While it isn't a blockbuster, it really isn't a bad film at all. It is possibly one of the ten best movies ever to premiere on cable TV, and is certainly one of the best from the USA Network. I'm guessing, based upon the existence of a lovely widescreen version, that they hoped for a theatrical distribution that never materialized. The only thing I disliked about the script was the introduction of completely irrelevant minor characters that slowed the pace. (For example, there were some tough Irish guys who were always picking a fight with Bratt, but they didn't figure into the film's resolution at all, and could easily have been written out.)

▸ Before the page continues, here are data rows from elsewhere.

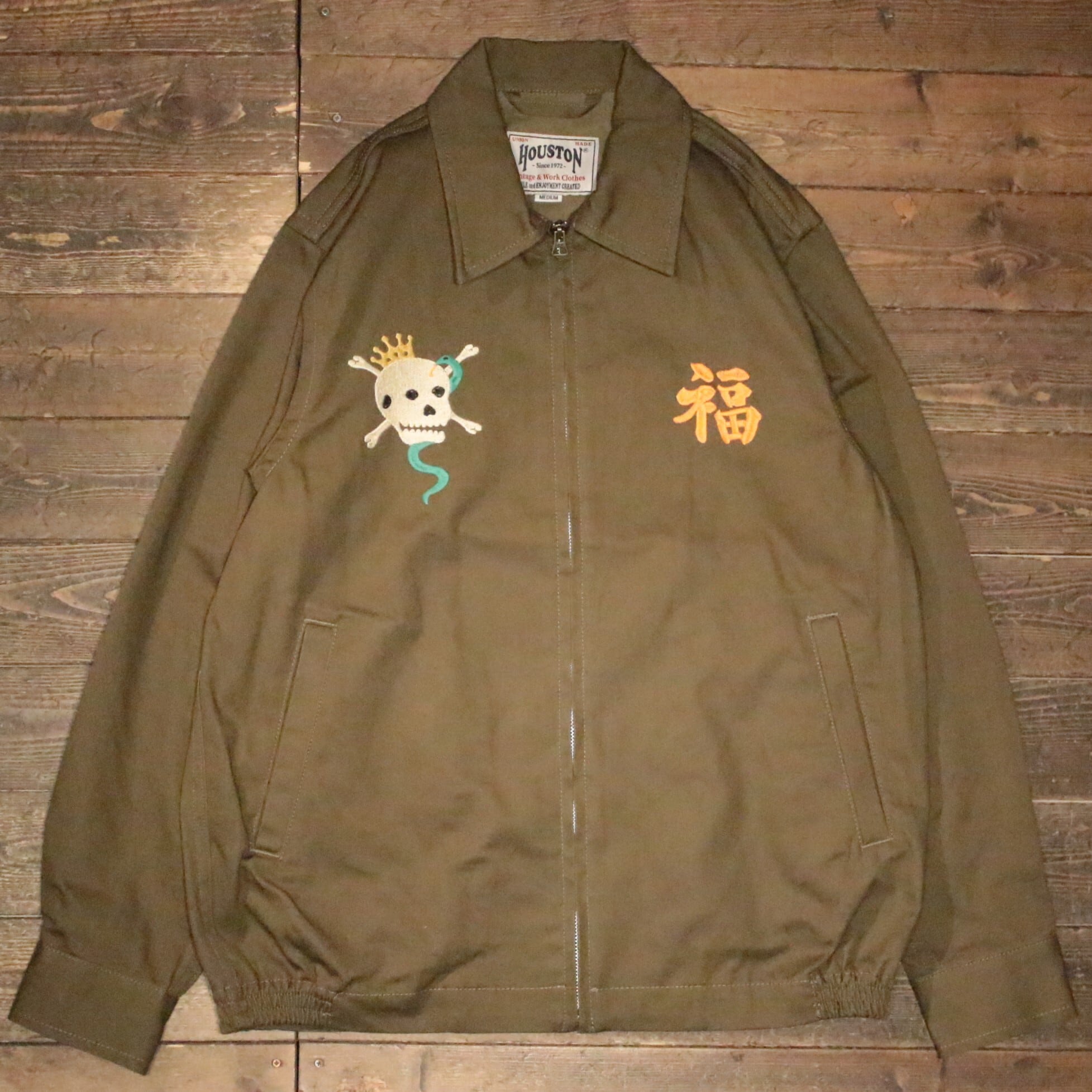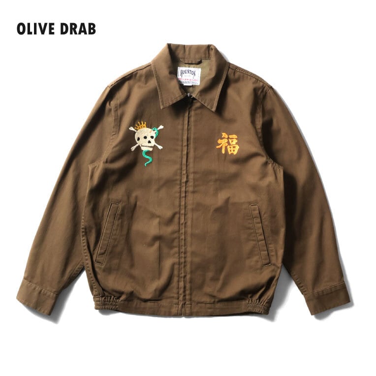 【HOUSTON】51577 VIETNAM JACKET (SKULL) OLIVE DRAB / スーベニアジャケット 越南ジャケット ヒューストン スーベニア ジャケット ミリタリー アウター スカジャン MILITARY
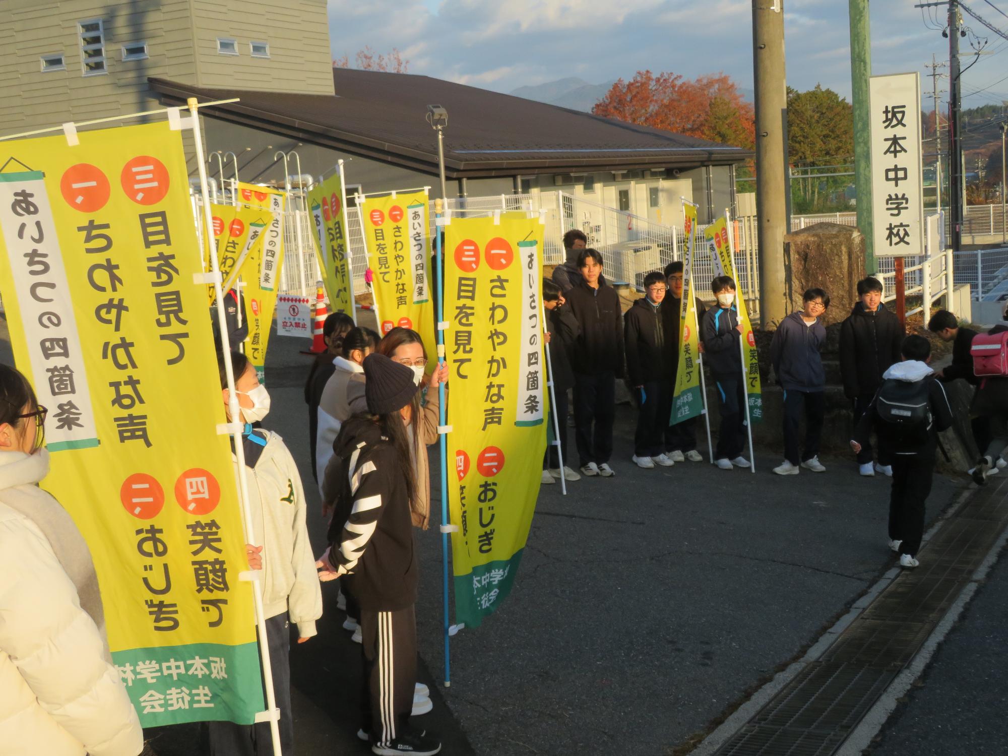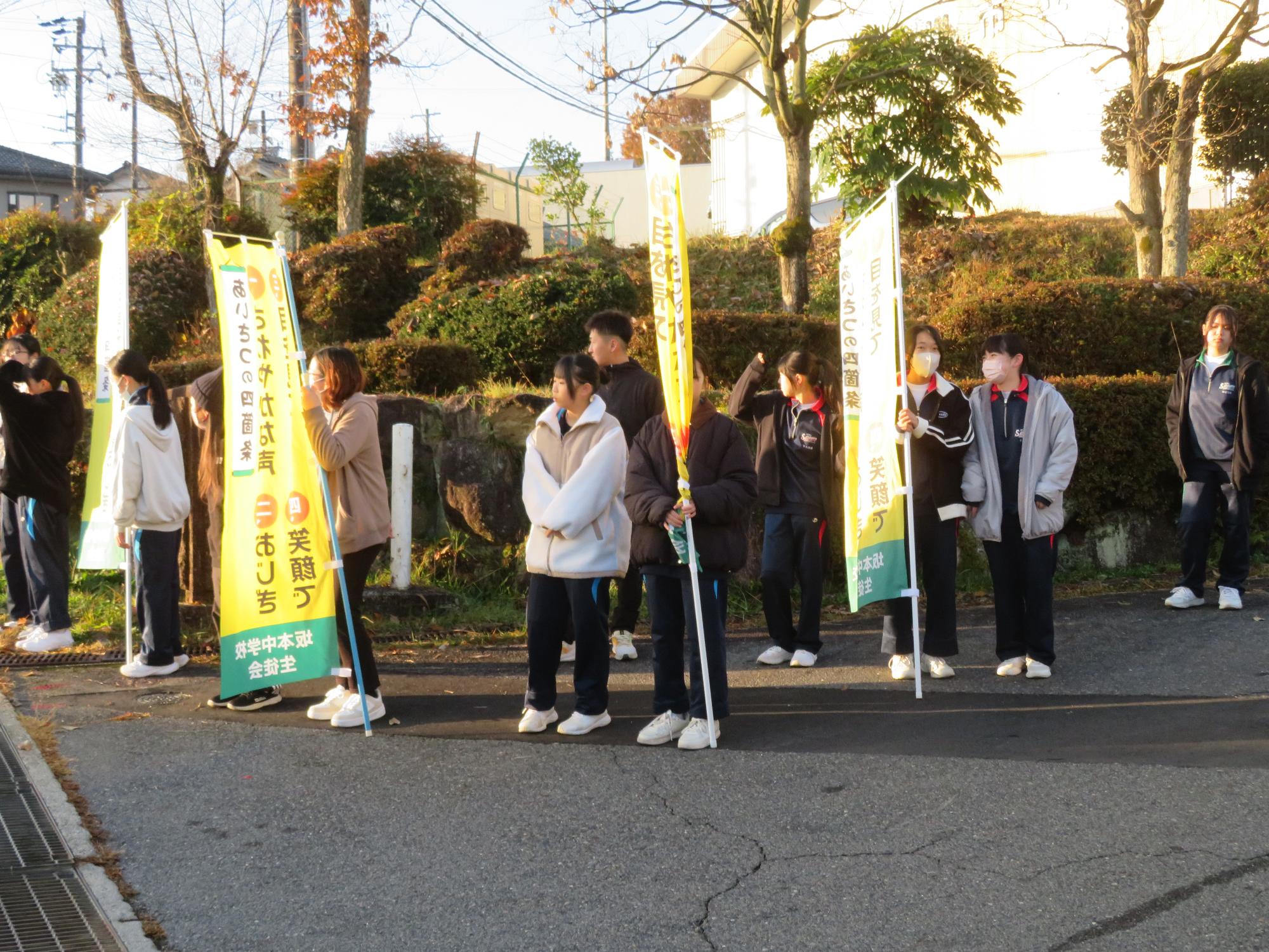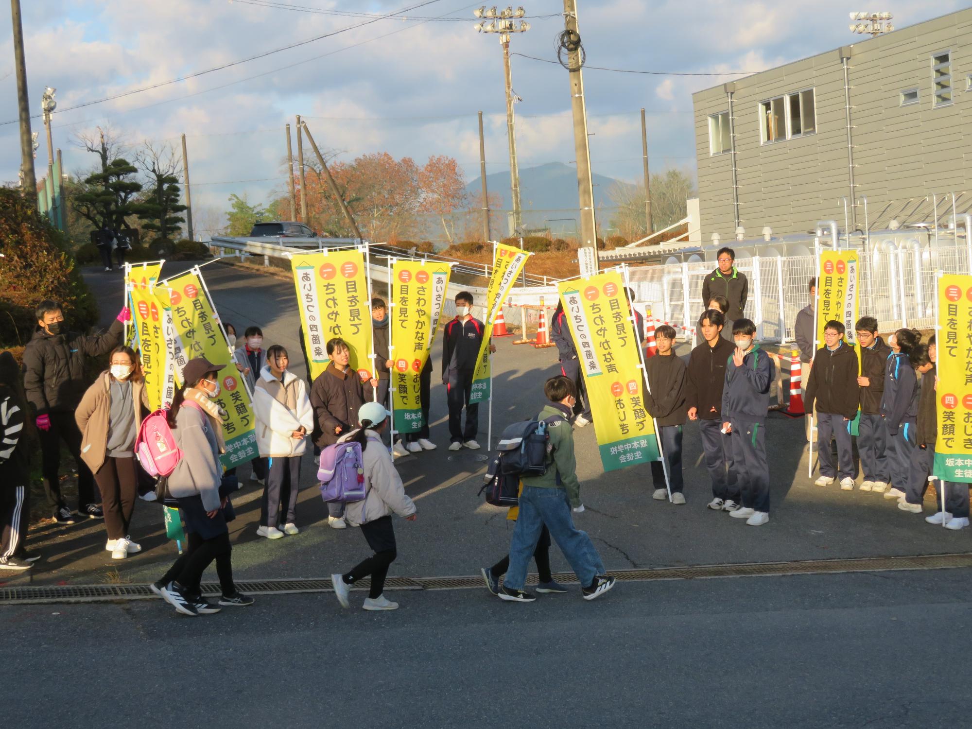 昨日に続けて、授業でBRUSH UPしている坂中生の姿を紹介します。本日も学校運営協議会のご協力で、坂本地区在住の川瀬さまに家庭科の実習のサポートに入っていただきました。また、持久走の授業が始まり、生徒たちが自分の体力に合わせ、一生懸命に頑張り姿が随所に見られます。また、今日はPTAの郊外生活委員の方との挨拶運動も7:30から元気に行われました。その姿も同時に紹介します。師走に入り、寒くなっても一生懸命に活動に向かう坂中生です。
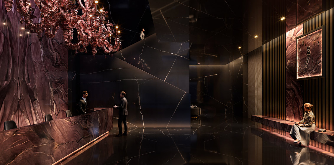The grand residential lobby boasts black marble with a dramatic feature wall of book-matched burgundy marble, and three grand custom-designed Venetian hand-made chandeliers. The signature hues of Dolce&Gabbana— black, gold, and red—are expertly interwoven into the interior design, culminating in a luxurious and cohesive ambiance.
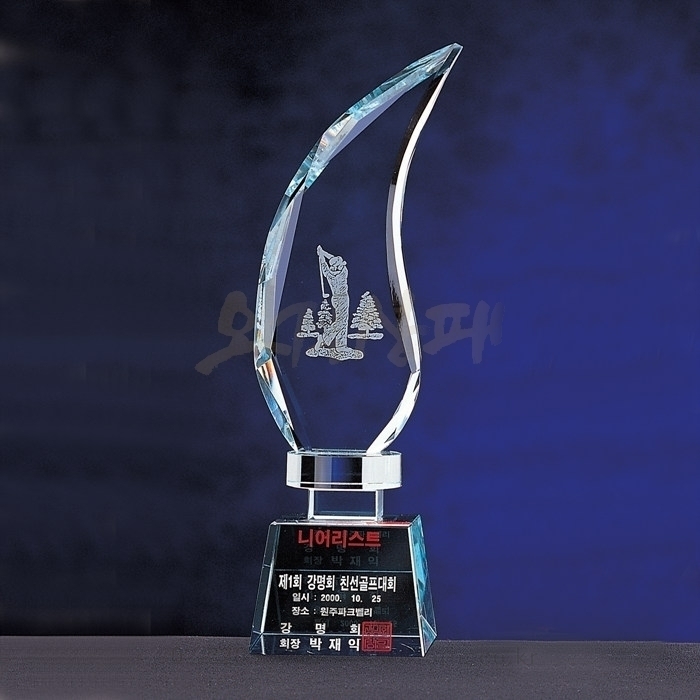 - 나뭇잎모양의 크리스탈에 골프스윙모션 샌딩처리.
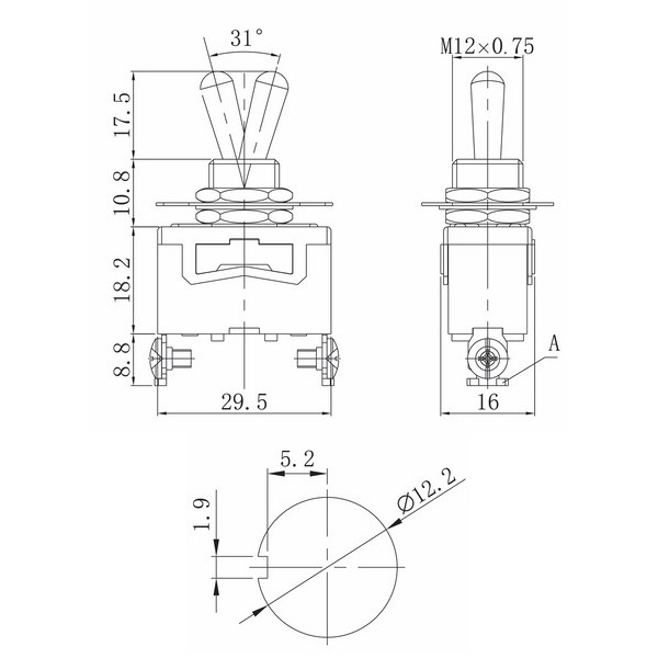 Устройство коммутации от компании Rexant представляет собой компактный тумблер на 2 положения с фиксацией: On-Off. С его помощью осуществляется соединение электрических цепей переменного тока напряжением до 250 Вольт. Номинальная токовая нагрузка для выключателя составляет 15 Ампер. Количество контактных групп – 1, количество контактов в контактной группе – 2, установочный диаметр – 12,2 мм. Такая разновидность однополюсного переключателя применяется на лицевых панелях в качестве комплектующих изделий различного электрооборудования. Тумблер замыкает или размыкает контакты тем самым коммутируя цепь. Монтаж устройства осуществляется без применения винтов на плоских панелях толщиной от 0,8 до 4 мм. Подключение контактов производится с помощью винтов. Данный переключатель устанавливается на различные технические устройства, требующие высокой надежности в работе. Его ресурс составляет 10 000 циклов. Рабочая температура: от -25 до +85 градусов Цельсия. Изделие имеет индивидуальную упаковку и поставляется в прозрачном пакете.
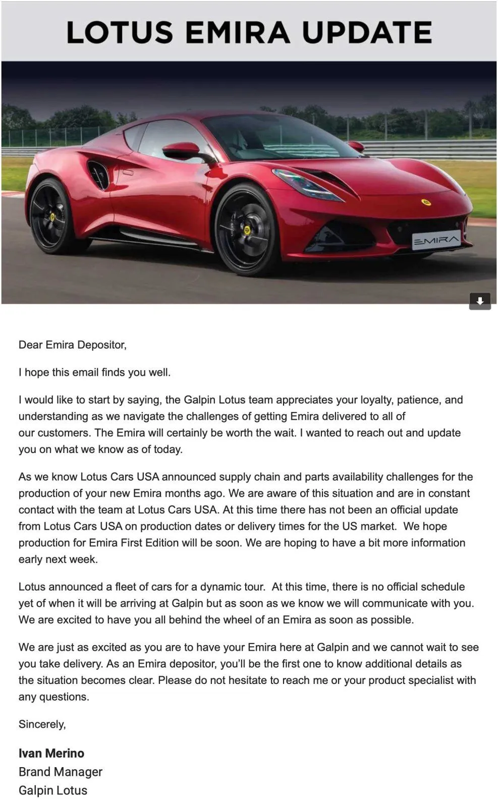 No idea. Haven't received anything from my dealer. Vauge but at least the dealership is communicating. Seems to be a Lotus issue, not the dealer.
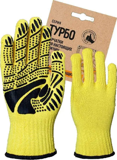 Перчатки трикотажные с ПВХ 'ТУРБО' желтый/черный
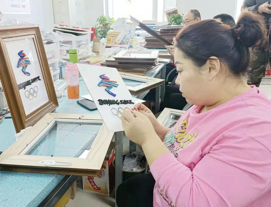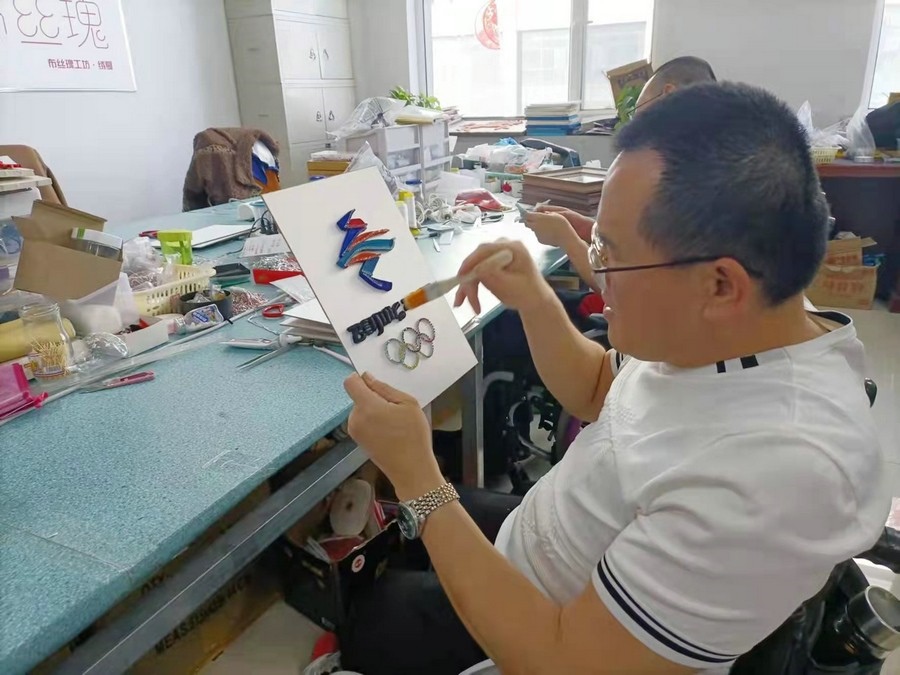 呼和浩特市殘聯(lián)相關負責人介紹,用盤扣工藝制作的北京冬奧會、冬殘奧會會徽,是將此工藝與服裝脫離開來,以裝飾畫的形式展現(xiàn)。中式盤扣具有紐帶和橋梁意義,借此表達內(nèi)蒙古殘疾人對北京冬奧會和冬殘奧會的關注,也讓內(nèi)蒙古殘疾人堅韌不拔、自強不息的精神以這個作品為紐帶傳播到世界各地。
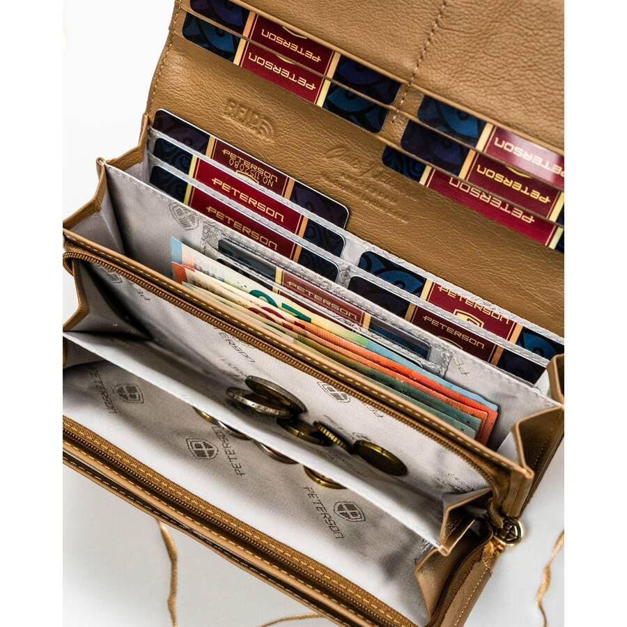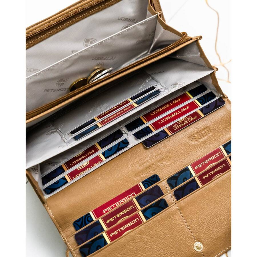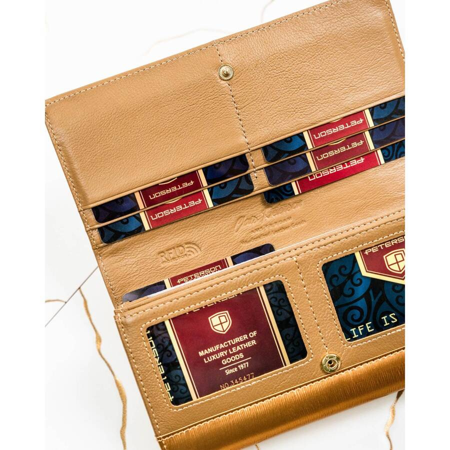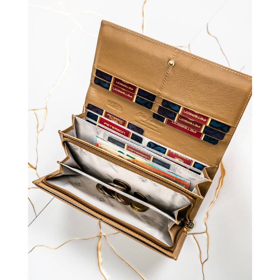 - Lakierowana skóra naturalna dodaje całości wyrafinowanego blasku, który pięknie komponuje się ze złotymi akcentami. Delikatne logo Peterson® w złotej barwie, umieszczone na przodzie, dyskretnie podkreśla luksusowy charakter portfela.
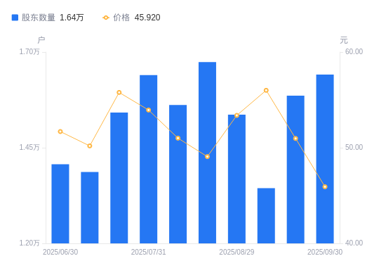 近一年(2024年9月30日至2025年9月30日),新诺威A股股东户数从1.49万户,增加至1.64万户,增幅10.08%,区间股价上涨64.12%。
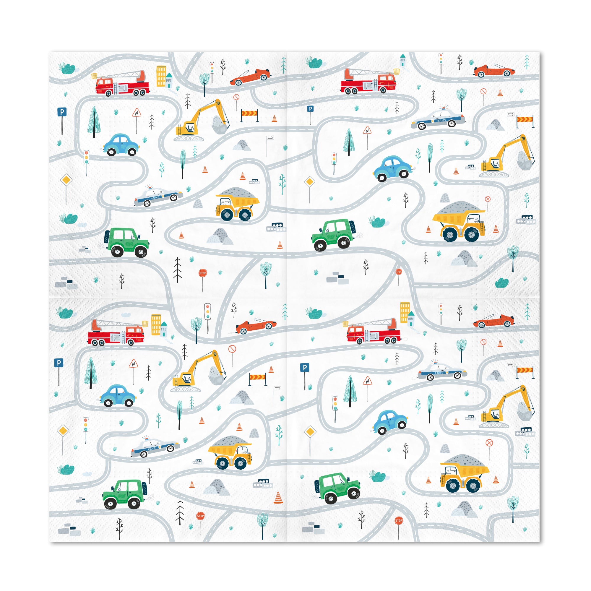 Na serwetce z kolekcji Auta wiele się dzieje. Samochody jadą po krętych drogach, a każdy z nich ma do wykonania zadanie. Radiowóz i wóz strażacki pędzą na sygnale, wywrotka i koparka remontują drogę. Dokąd jadą jeep, garbus i kabriolet? Dzieci będą miały wiele odpowiedzi na to pytanie.

Some fun performances highlight the film. The handsome Bratt plays the straight man with a touch of irony, ala Clark Gable. That seems to be Bratt's designated role at this point in his career, to play the George Clooney roles in projects too small for the real Clooney. He does it well, and the two women provide a good period feel and a sense of strength. The rest of the male cast hams it up big-time, led by Assante, Stephen Lang and Nestor Serrano, but it's all in the spirit of the script, and I generally enjoyed it. After all, every Bogart needs his Sydney Greenstreet.
Assante brought a spiritual ambiguity to his part that made it the most complex role in the film. While the other baddies were rotten to the core, Assante's character was only slightly farther off the straight and narrow than Bratt's. You might compare Assante and Bratt in this film to Claude Rains and Bogart in Casablanca - the admitted, blatant crook who is not really all that corrupt, and the good guy who is too cynical to be all that good.
comments in yellow:
After the Storm is a made for TV crime adventure inspired by a Hemingway short story. It features a standard plot line, with a good guy and evil guy each trying to salvage the wreckage of a luxury yacht. As is usual, they each have girlfriends, one good, the other evil and scheming. Naturally, they end up having to work together in an uneasy alliance to stay a step ahead of the really, really evil guys.
While the plot was trite and the film was a little show as it established characters (and introduced some minor players that were unnecessary to the plot), it had great pace once it got started. It is beautifully filmed and well acted, has plenty of double crosses, and leads up to a superb ending. It won best feature film at both of the festivals where it was shown. Very good genre effort.